On 24th to 26th July 2012, a meeting of Kazakhstan human rights defenders who specialise in monitoring prisons was hosted by Penal Reform International (PRI) at the Kegok Centre, near Astana. There are currently 13 public monitoring commissions in Kazakhstan with each group made up of human rights defenders, journalists, lawyers and academics. The Penal Executive Code states that the commissions shall have access to all prisons in their region. At present each commission is working independently and the aim of the meeting was to bring all the groups together by establishing a Coordinative Council of Public Monitoring Commissions (PMCs).
In many countries where public monitoring of prisons is established, a coordinating body is usually set up to consolidate all the groups who carry out this vital work. In Russia there is the Public Chamber and in the UK it is the Independent Monitoring Board. A coordinating body in Kazakhstan will ensure that each group works to a consistent standard whilst retaining its independence. The collective voice will have greater strength in dialogue with the Government and the general public in raising issues of concern regarding people in custody.
PRI has been striving since 2001 to establish a public oversight system for the prisons in Kazakhstan. The PMCs are unique in that it is the only mechanism in the country authorised to carry out monitoring of prisons through the code dealing with Human Rights, set up by local non-governmental organisations (NGOs) without the approval of the State. “Establishment of the Council is very important to us because it will give each of the monitoring commissions the tools they need to work independently yet with support from the coordinating body,” stressed Saule Mektepbayeva, Regional Director of PRI in Central Asia.

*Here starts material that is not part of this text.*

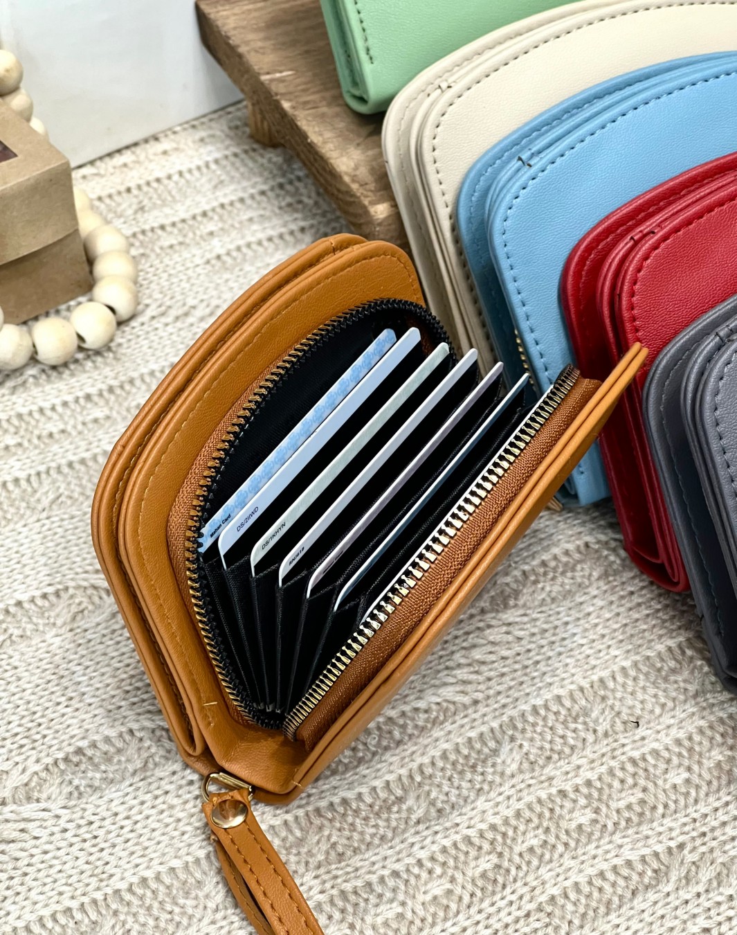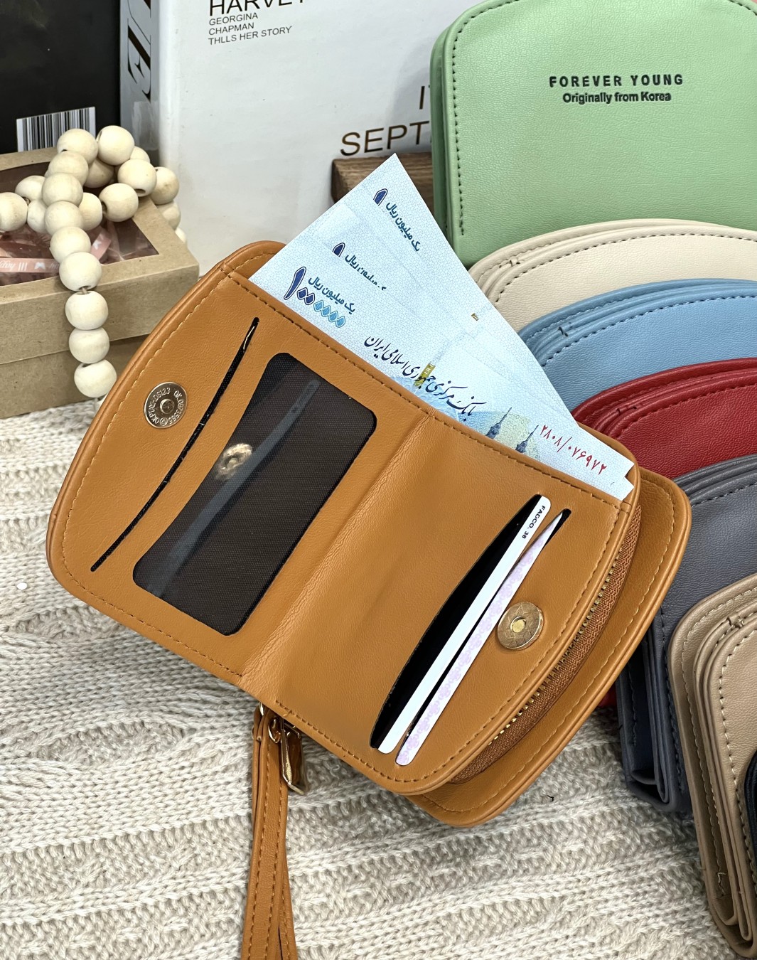 دارای ۸ عدد جای کارت در قسمت زیپ و جای اسکناس و در قسمت جلوی کیف جای عکس و دو عدد کارت بانکی می باشد.

Nikhil Roy, Programme Director of PRI and Angela Clay, Chairman of the Association of Members of Independent Monitoring Boards (AMIMB), an NGO which supports prison monitors in the UK, together with a number of national experts, were invited to conduct workshops on sustainable development of the future Council. During the meeting strategic plans for the next three years were drafted and a code of ethics and the new penal code discussed.
“The event was very important for us to not only help facilitate taking a decision on the form of legal entity of the future Council and discuss other formalities but also to formulate the rules of the Council in accordance with the democratic principles of public oversight,” said Ardak Zhanabilova, chair of the PMC of Almaty and the Almaty region and chair of the Centre for Monitoring Human Rights.
The event was organised by PRI within the framework of programmes funded by the European Union, the British Embassy in Kazakhstan and Open Society Institute (OSI).